4. The distributed model predictive control system for coordinated optimization of multi-energy carbon emissions in industrial parks according to claim 1 is characterized by: The carbon-energy efficiency game coordination mechanism is used to ensure the optimal coordination between carbon emissions and energy efficiency. A model based on non-cooperative game is constructed through the carbon-energy efficiency game coordination mechanism. The entities of the non-cooperative game-based model include at least new energy operators, energy storage companies, and traditional power generators; The strategy set of the non-cooperative game-based model is the optimization action space of each subject under the MPC framework, and the strategy set includes at least power generation strategy, energy storage strategy and load regulation strategy; The payment function of the non-cooperative game-based model is that the payment of each subject consists of carbon emission costs, energy benefits and default penalties, and the goal of each subject is to maximize its payment; The payment function is: U i =L i -M i -O i Where: L i Represents energy income, which is the income obtained by the subject through selling electricity and storing energy; M i Carbon emission cost is the carbon emission fee that the entity needs to pay based on its carbon emissions; i It represents the penalty for breach of contract, which is the penalty that the entity needs to pay if it fails to meet the carbon emission or energy efficiency targets as agreed; Lyapunov optimization theory is used to prove that the model based on non-cooperative game has Nash equilibrium under appropriate conditions and can converge to a stable solution.

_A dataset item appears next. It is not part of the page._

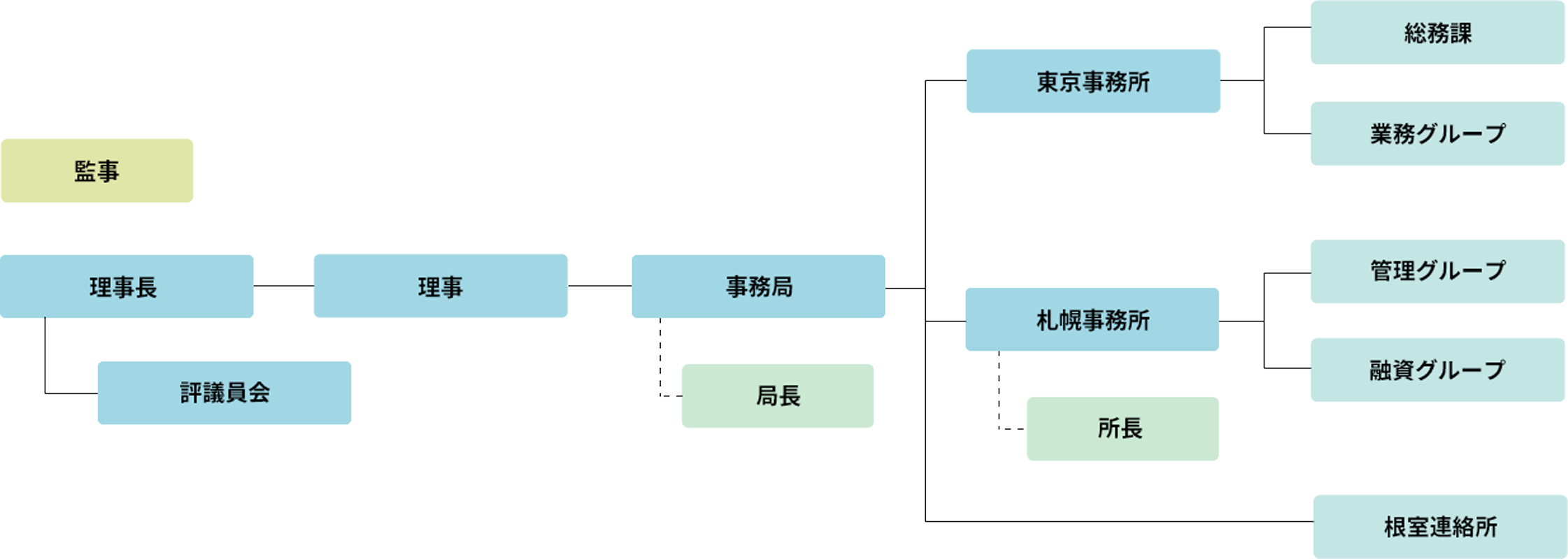 札幌事務所は、所長が統括し、管理グループと融資グループが存在します。

Lyapunov function is used to analyze the stability of the system to ensure that the optimization strategy of the participants can reach equilibrium after long-term operation.

5. The distributed model predictive control system for collaborative optimization of multi-energy carbon emissions in industrial parks according to claim 1 is characterized by: The data privacy protection module uses homomorphic encryption technology to protect the privacy of local data, ensuring that the coordinator can only receive gradient information.